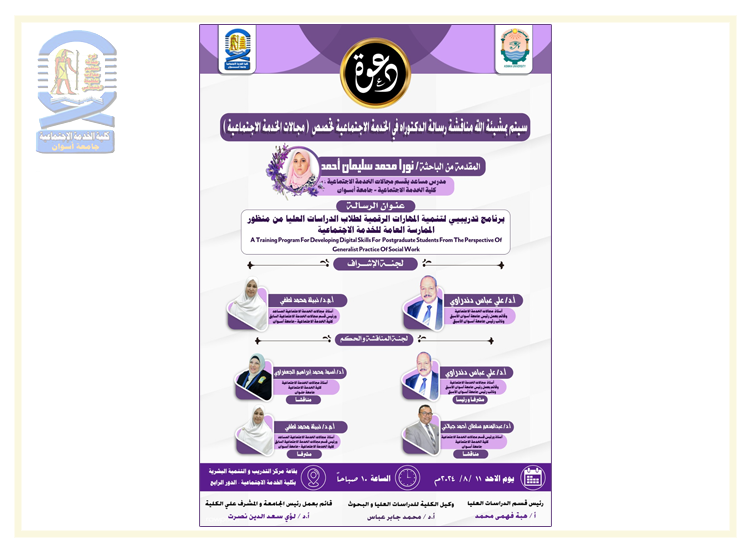 تقرر مناقشة الباحثة/ نورا محمد سليمان أحمد- المدرس المساعد بقسم مجالات الخدمة الاجتماعية مرحلة الدكتوراه في يوم الأحد الموافق ٢٠٢٤/٨/١١م في تمام العاشرة صباحاً بقاعة مركز التدريب والتنمية البشرية بمبنى الكلية الدور الرابع، وذلك ضمن متقتضيات الحصول على درجة الدكتوراه في الخدمة الاجتماعية.
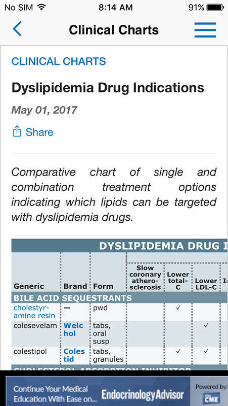 Here in this section, endocrinologists can check different clinical charts, such as dyslipidemia drug indications. They're not mobile friendly tho, not looking well on smaller screens. Also, users cannot adjust the size of the chart, or zoom in or out.
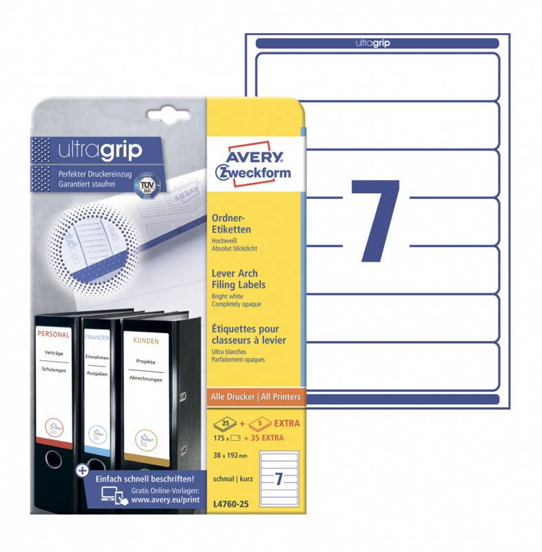 Этикетки Avery Zweckform L4760-25 A4, сегментов 7шт, 192x38, 80г/м2, 25л., белый
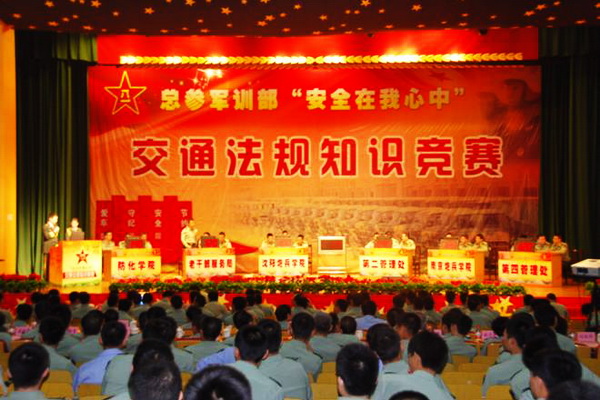 9月25日上午,海淀交通支队联合总参军训部举办“安全在我心中”交通法规知识竞赛暨军车驾驶员签名承诺活动,1000余名军车驾驶员参加活动。
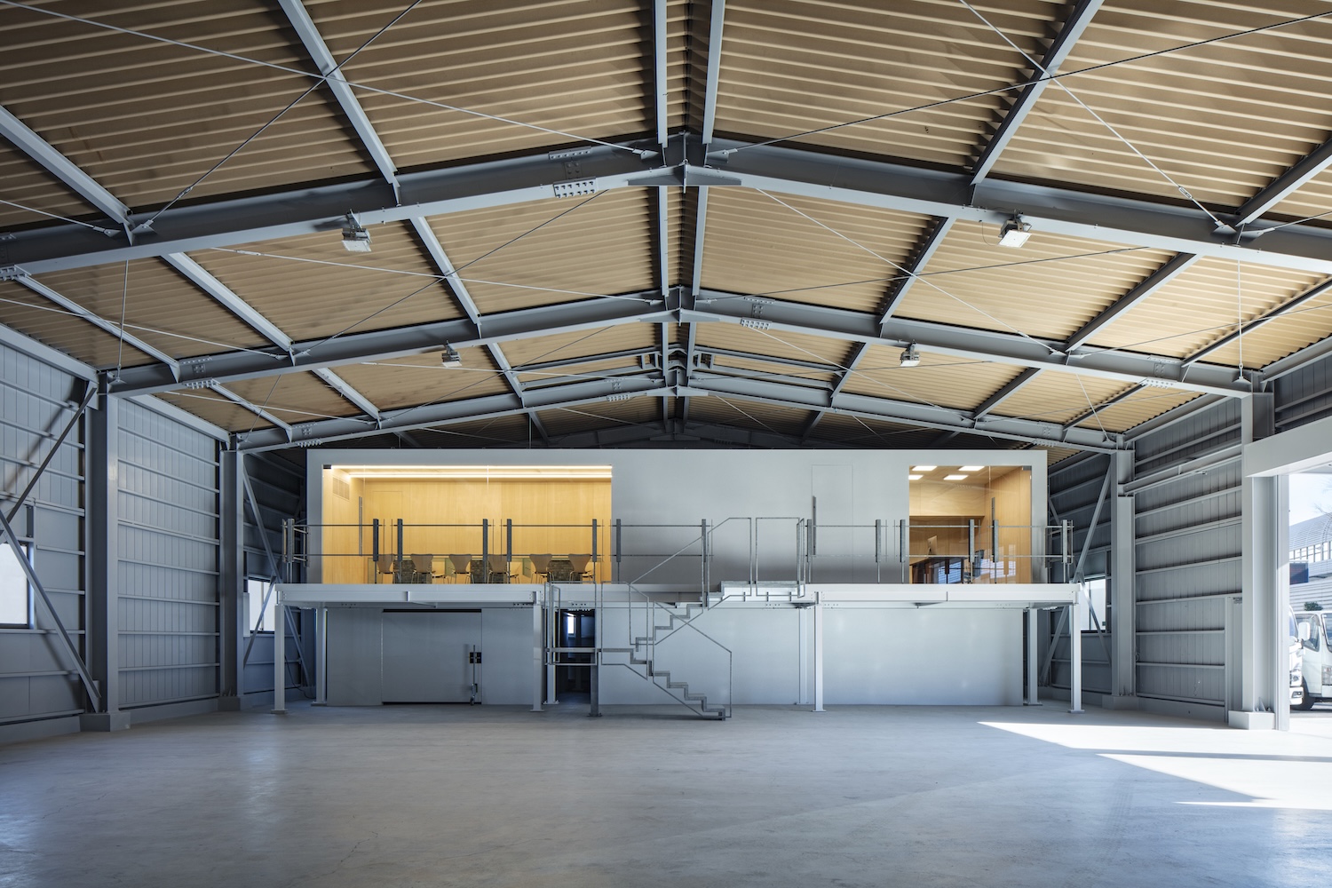 El volumen acristalado del segundo piso alberga la oficina del presidente y la sala de conferencias, manteniendo la conectividad visual en todo el espacio. Las paredes y techos de madera dentro de estos recintos contrastan con los tonos grises predominantes en la fábrica, un contraste material que funciona a través de la temperatura más que del color, del mismo modo que los interiores de Hiroshi Nakamura utilizan la madera para humanizar las estructuras utilitarias. Este efecto atrae la atención hacia arriba, con mesas y estantes únicos que actúan como anclajes visuales, atrayendo a los visitantes al segundo piso.
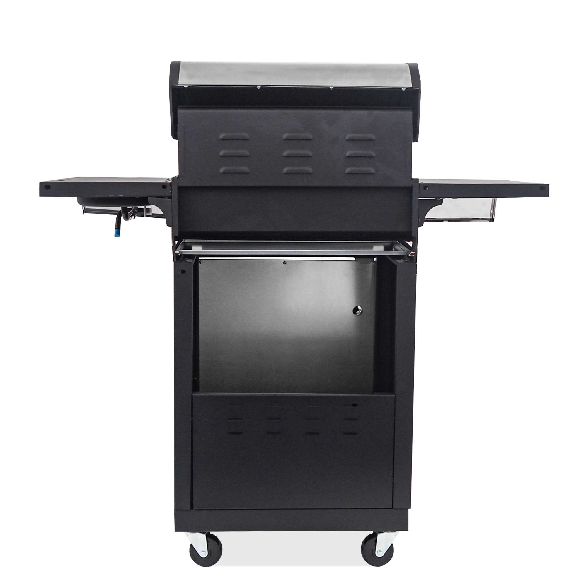 Der Grill ist außerdem mit einem eingebauten Seitenbrenner ausgestattet, der in die Arbeitsplatte integriert ist - so können Sie bequem gleichzeitig mit dem Grillen Ihre Lieblingssaucen oder Beilagen zubereiten.
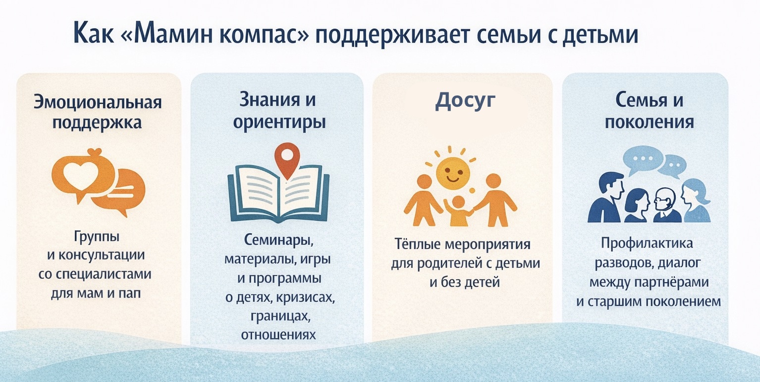 «Мамин компас» — социальный проект, который выстраивает устойчивую систему поддержки семей, начиная с мамы и охватывая всю семью: ребёнка, отца, партнёрские отношения и связь поколений. Мы не закрываем «один запрос», мы меняем среду, в которой растут дети и живут взрослые.
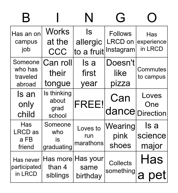 This bingo card has a free space and 24 words: Someone who is graduating, Has more than 4 siblings, Is a first year, Has never participated in LRCD, Has experience in LRCD, Has an on campus job, Someone who has traveled abroad, Works at the CCC, Can dance, Loves to run marathons, Doesn't like pizza, Is an only child, Wearing pink shoes, Is a science major, Can roll their tongue, Collects something, Loves One Direction, Is allergic to a fruit, Commutes to campus, Is thinking about grad school, Has a pet, Has LRCD as a FB friend, Follows LRCD on Instagram and Has your same birthday.
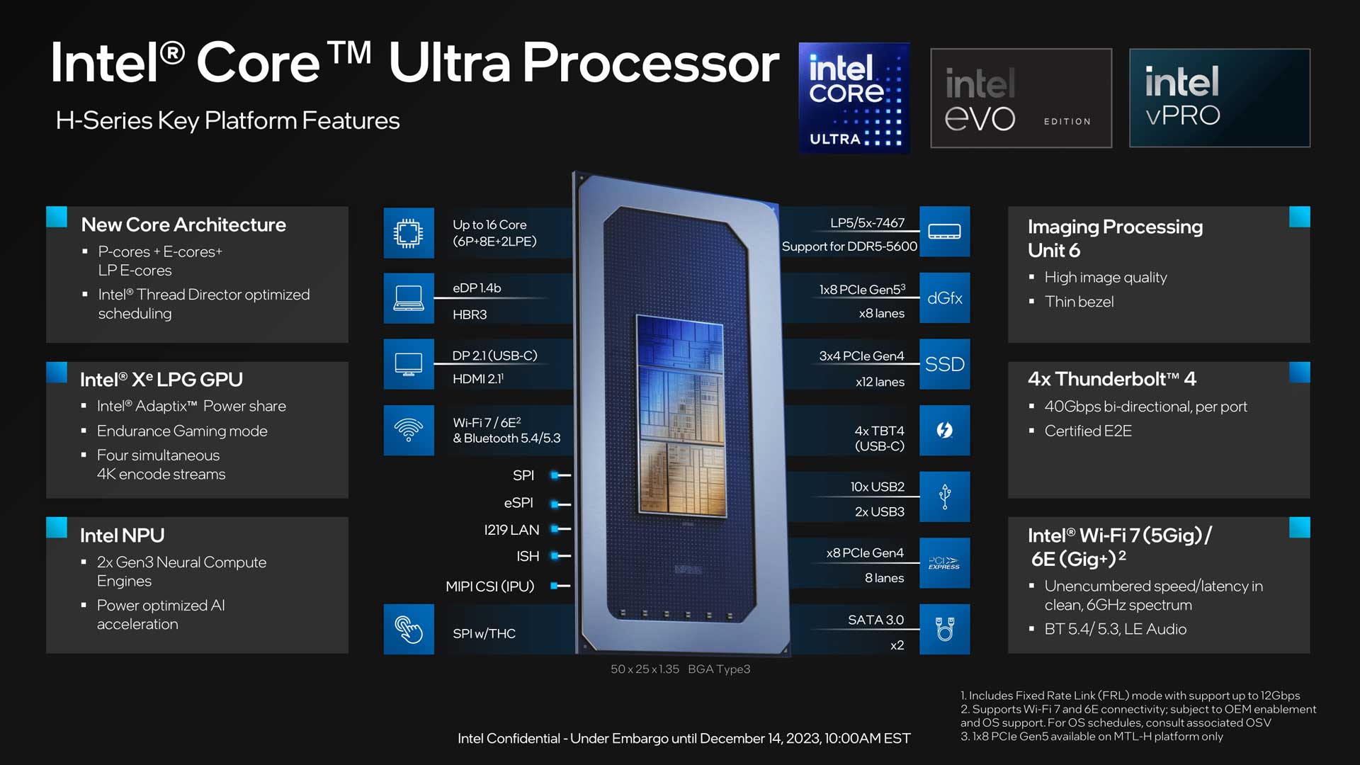 Speziell für KI-Aufgaben gedacht ist die NPU, die über eine Verlagerung von Rechenaufgaben auf die NPU und bei Bedarf parallel der GPU, die Effizienz und Leistung verbessern und zudem die Energieverwaltung optimieren soll. Die CPU-Plattform heißt bei Intel intern „Meteor Lake“ und wird als Core Ultra vermarktet und ist das erste auf der Intel 4-Prozesstechnologie basierende Produkt. Das „i“ aus den Produktbezeichnungen wird Intel streichen und alle CPUs auf Basis der neuen Architektur „Core Ultra“ nennen. Erhalten bleiben allerdings die „groben“ Leistungsklassen 5, 7 und 9, bei den genauen Produktbezeichnungen fängt Intel einfach wieder bei 1.000 an, so dass die Nomenklatura in Zukunft nach dem Muster „Intel Core Ultra 5/7/9 1xxxH(X)“ funktioniert.
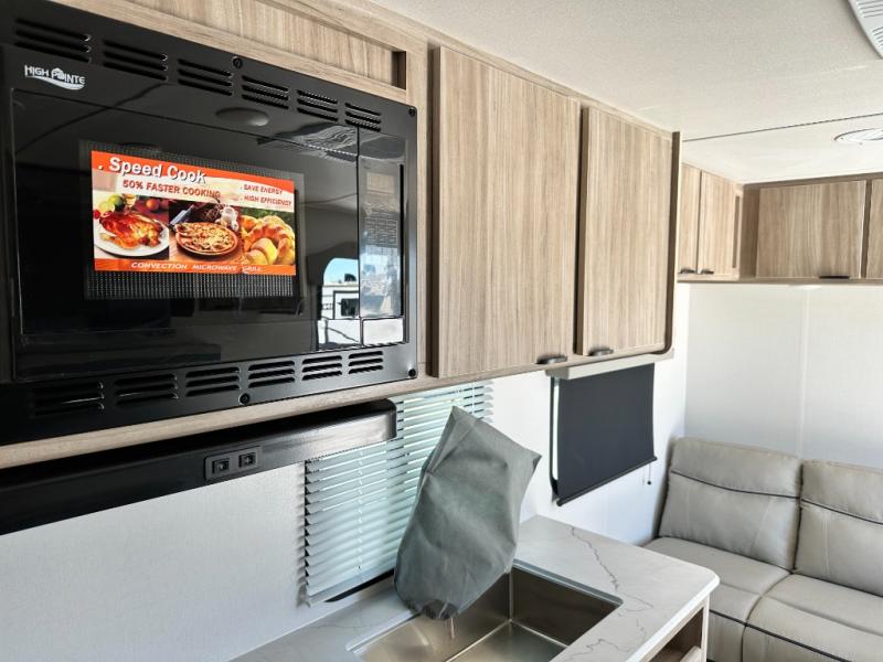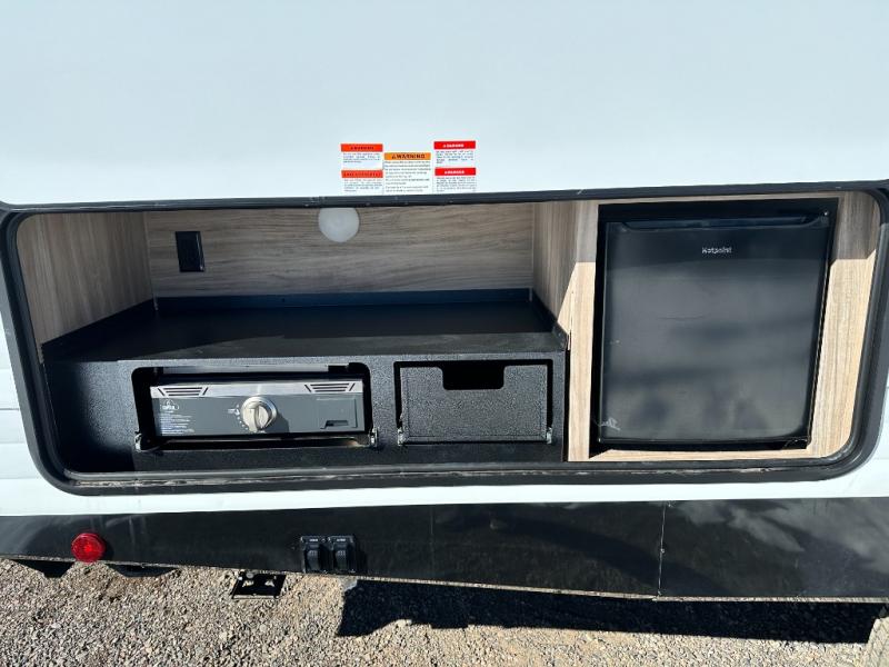 Your family of eight will enjoy camping in this Access camper. You will have the choice of cooking both inside and out with the accessible outdoor kitchen featuring a pull-out griddle, 1.6 cu. ft. refrigerator and handy pull-out 11.75" x 20" drawer for cooking utensils, hot pads, etc. On the inside, a three burner cooktop makes whipping up family meals a breeze and there is a 10.3 cu. ft. refrigerator as well. For sleeping, your family will find comfort in a set of 32" x 74" bunks, a booth dinette that can also be transformed into sleeping for two at night, plus the jack knife sofa and private bedroom which features a queen bed up front. Storage is abundant and can be found throughout in overhead cabinets, bedside wardrobes, and under the queen bed. On the exterior, you will also find a convenient exterior pass through storage compartment for lawn chairs, outdoor games, fishing poles, etc.
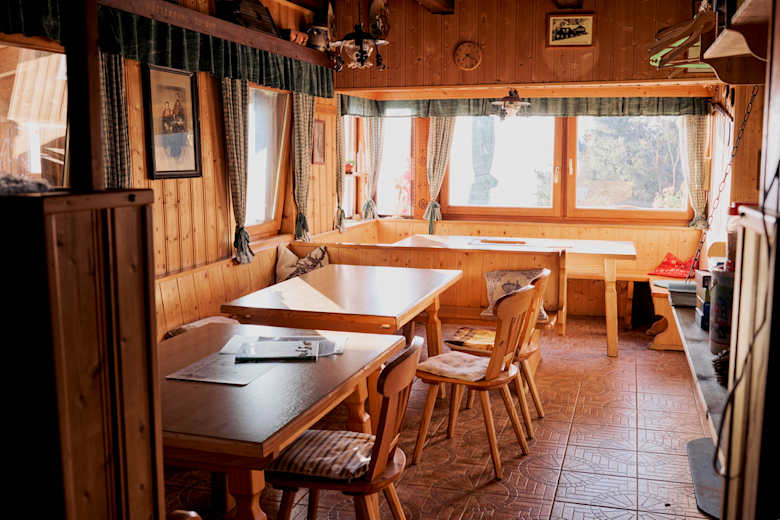 Gepflegte Stüberl, nette Übernachtungsmöglichkeiten. In der Hütte Bedienung, auf den beiden Terrassen Selbstbedienung. Die Hütte kann auch für Feiern gemietet werden. Übernachtung mit Hunden nach Rücksprache.
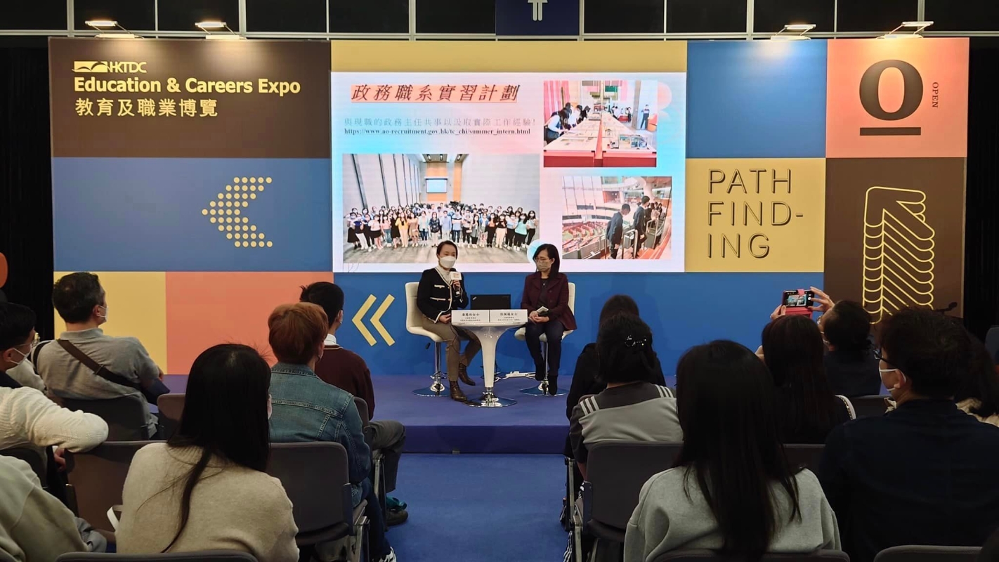 香港新聞網2月3日電 香港特區政府公務員事務局3日於“教育及職業博覽2023”舉辦“認識政務主任和行政主任職系”講座,由公務員事務局首席助理秘書長(政務職系)潘慧欣及高級首席行政主任(一般職系)張佩蓮跟參與者分享政務主任(AO)及行政主任(EO)的求職技巧、實習計劃及事業發展前景。

+++++

Every line above from the one with "9月25日上午,海淀交通支队" down to the one with "и живут взрослые." must be written out exactly, and no picture may appear.

 9月25日上午,海淀交通支队联合总参军训部举办“安全在我心中”交通法规知识竞赛暨军车驾驶员签名承诺活动,1000余名军车驾驶员参加活动。
 El volumen acristalado del segundo piso alberga la oficina del presidente y la sala de conferencias, manteniendo la conectividad visual en todo el espacio. Las paredes y techos de madera dentro de estos recintos contrastan con los tonos grises predominantes en la fábrica, un contraste material que funciona a través de la temperatura más que del color, del mismo modo que los interiores de Hiroshi Nakamura utilizan la madera para humanizar las estructuras utilitarias. Este efecto atrae la atención hacia arriba, con mesas y estantes únicos que actúan como anclajes visuales, atrayendo a los visitantes al segundo piso.
 Der Grill ist außerdem mit einem eingebauten Seitenbrenner ausgestattet, der in die Arbeitsplatte integriert ist - so können Sie bequem gleichzeitig mit dem Grillen Ihre Lieblingssaucen oder Beilagen zubereiten.
 «Мамин компас» — социальный проект, который выстраивает устойчивую систему поддержки семей, начиная с мамы и охватывая всю семью: ребёнка, отца, партнёрские отношения и связь поколений. Мы не закрываем «один запрос», мы меняем среду, в которой растут дети и живут взрослые.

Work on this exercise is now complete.